Principal Investigator: Amanda Godley
CoPrincipal Investigator(s): Diane Litman
Organization: University of Pittsburgh

Collaborative argumentation – the building of evidence-based, reasoned knowledge and solutions through dialogue – is essential to individual learning as well as group problem-solving in STEM and other disciplines and a defining characteristic of 21st century workplaces. However, teaching collaborative argumentation is an advanced skill that many high school teachers struggle to develop. This EArly Grant for Exploratory Research explores the feasibility of improving high school teachers’ understanding of collaborative argumentation and instruction through a computer-based system called Discussion Tracker. The prototype system draws upon recent advances in human language technologies (HLT) to provide teachers with automatically generated data about the characteristics and quality of their students’ discussions. The system also provides individualized guidance for teachers on how to improve the facilitation of such discussions. The project has the potential to prepare a new generation of teachers and students for the productive collaborative argumentation they will need for future educational and workplace settings. Findings and products resulting from this study also contribute to research and technological innovations aimed at improving teacher learning and student discussions in high school English classrooms and other content areas, grade levels, and learning platforms. Additionally, the project’s multidisciplinary training of graduate and undergraduate students is focused on increasing diversity in cyberlearning research and development.

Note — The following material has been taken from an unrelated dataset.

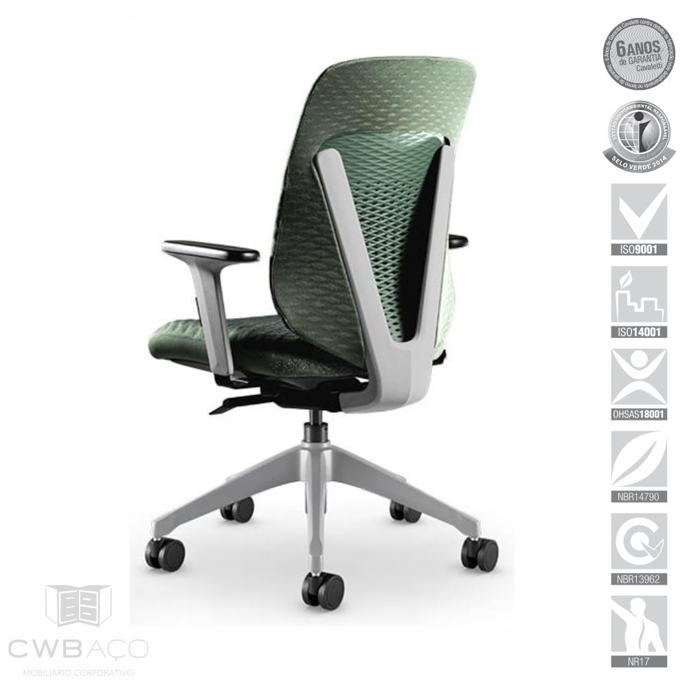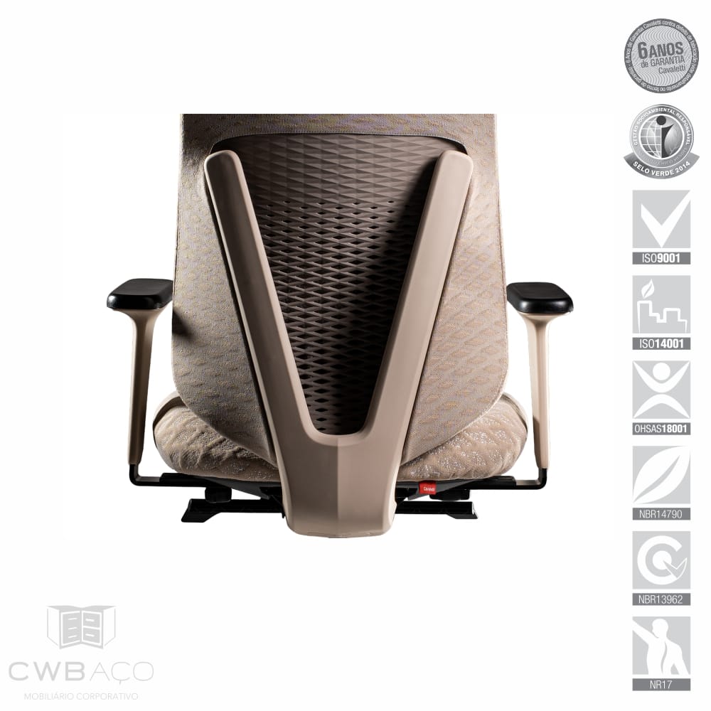 - Encosto: Lâmina injetada em compósito polimérico. Seu encosto flexível e com tecnologia avançada é revestido com tecido Tramma. Lâmina em Polímero acompanha a cor do revestimento.

Three stages of investigation are planned, First, a schema of the features of high-quality collaborative argumentation in high school English language arts (ELA) discussions is created and tested in order to identify the most critical discourse features. Second, prototypes of the system’s interface is developed that provide varied amounts and types of data visualizations and explicit guidance for teacher learning. Third, in order to analyze data on teacher learning, a series of experiments are conducted to study how teachers interact with various prototypes of the system. In order to test optimal teacher learning, teachers will be assigned to one of two conditions: (1) Use of the system with a brief reflection guide, designed to document teachers’ observations and prompt teachers’ instructional changes, (2) Use of the system with an expert instructional coach. Teacher learning will be studied through reflective, qualitative think aloud protocols, pre-post questionnaires, and observations of instruction. Outcomes of the two experimental conditions will be compared using standard statistical methods.

This award reflects NSF’s statutory mission and has been deemed worthy of support through evaluation using the Foundation’s intellectual merit and broader impacts review criteria.